Milking 50 years ago and earlier
Hand milking has to be learned
When the cows were tied up in the barn, you climbed in with them, sat close to a cow with a stool and placed a bucket under the udder. The teats were cleaned, rubbed with milking grease and massaged a little. The milking itself took a lot of routine and strength to get the milk flowing fast enough into the udder so that the cow would not feel any pain. It was a very laborious process and it took about six minutes per cow, if one was skilled. So one worker could milk only six animals per hour. The milk was collected in milk cans and then poured through a strainer. Then the milk cans stood in cold water overnight to cool. The next morning, they were picked up by the milk truck and driven to the dairy.
Milking in the wind and weather on the pasture
On many farms, cows stayed out in the pasture during the summer months. This meant going out twice a day and milking them there – in all weathers. Often it was the women who were responsible for the milking, with the help of the children. They took buckets and milk cans on a small milk cart or a bicycle. The cows were often cleaner in the pasture than in the barn and the teats were cleaned more quickly. But they grazed far from each other, so the women had to walk many meters to milk several animals. Most of the time, the cows stood quietly and let the milking happen because the milk was pressing in their udders. They were also praised and petted for their patience. But young cows could also be restless and kick at the milker. Then a second person was needed to hold the cow. One also had to watch out for the tail, because it could painfully hit the milker in the face. There was hardly any milk yield during thunderstorms, because the cows did not stay still for long and ran across the pasture in panic.
Milking today – supported by automation and robotics
The milking parlor and the milking robot
Technological progress did not stop at the cowshed, of course.
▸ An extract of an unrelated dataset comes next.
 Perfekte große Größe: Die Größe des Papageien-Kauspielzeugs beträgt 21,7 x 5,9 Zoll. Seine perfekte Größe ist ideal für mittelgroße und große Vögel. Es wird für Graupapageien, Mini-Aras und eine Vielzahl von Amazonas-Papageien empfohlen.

Nowadays, there are various types of milking parlors that automate milking to varying degrees. In most of them, human labor cannot yet be completely dispensed with, but significantly fewer workers are needed. Milkers stand in a pit that is lower than where the cows stand so they can attach the cluster to the udder without bending over. Four teat cups – one for each teat – mimic the movements that a sucking calf would make. Negative pressure is used to draw the milk from the teat. It flows through hoses directly into a milk tank.
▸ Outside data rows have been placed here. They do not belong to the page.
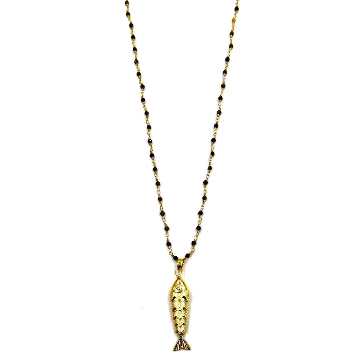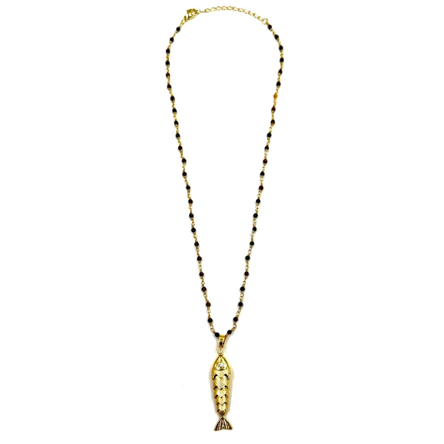 Ashley Gold Stainless Steel Gold Plated Brown Beaded Wire Fish Charm Necklace
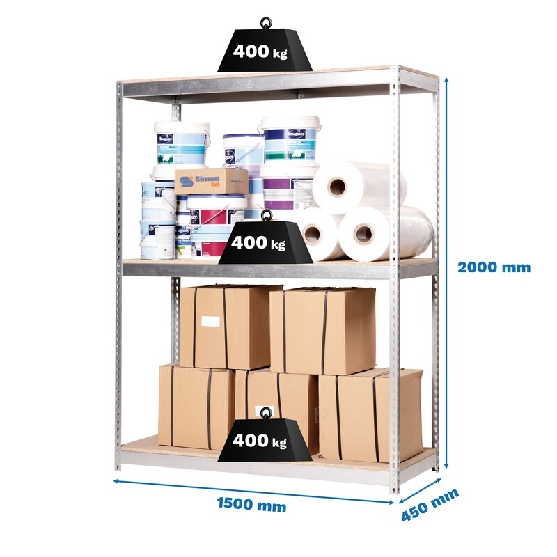 Estantería media carga sin tornillos Ecoforte 2000x1500x450 mm. De color GALVA/MADERA. La capacidad de carga es de 400 kgs.
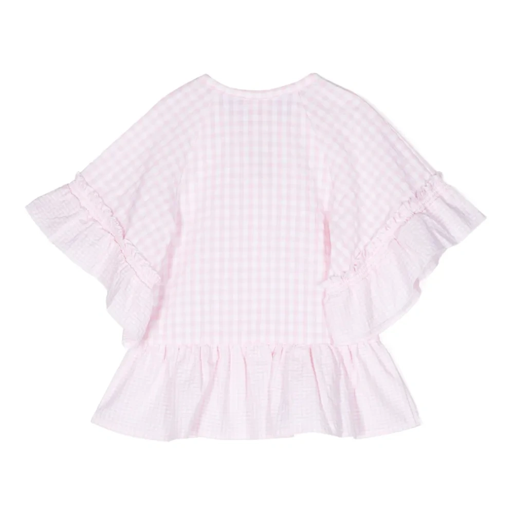 Белый, смесовый хлопок, клетчатый узор, воротник с кулиской, короткие рукава и подол с оборками.

The different milking parlors
In the side-by-side or parallel milking parlor, the cows stand at right angles to the milking pit and the milker reaches through the hind legs. The herringbone milking parlor is similar, except that here the cows stand at a slight angle to the milking pit so that the animals can enter and leave the milking parlor more quickly. Both variants have the disadvantage that the cows have to wait until they are all milked out before they can go out again. In the tandem milking parlor, the cows have their own gates. They stand one behind the other parallel to the pit and all face the same direction. This allows them to watch what is happening and, if necessary, behave more calmly. Larger farms often work with a milking carousel. Here, the cows enter a rotating platform and have the milking cluster attached to them. After three-quarters of a turn, the cow is finished and can exit the platform to a separate area, freeing up her space for the next cow.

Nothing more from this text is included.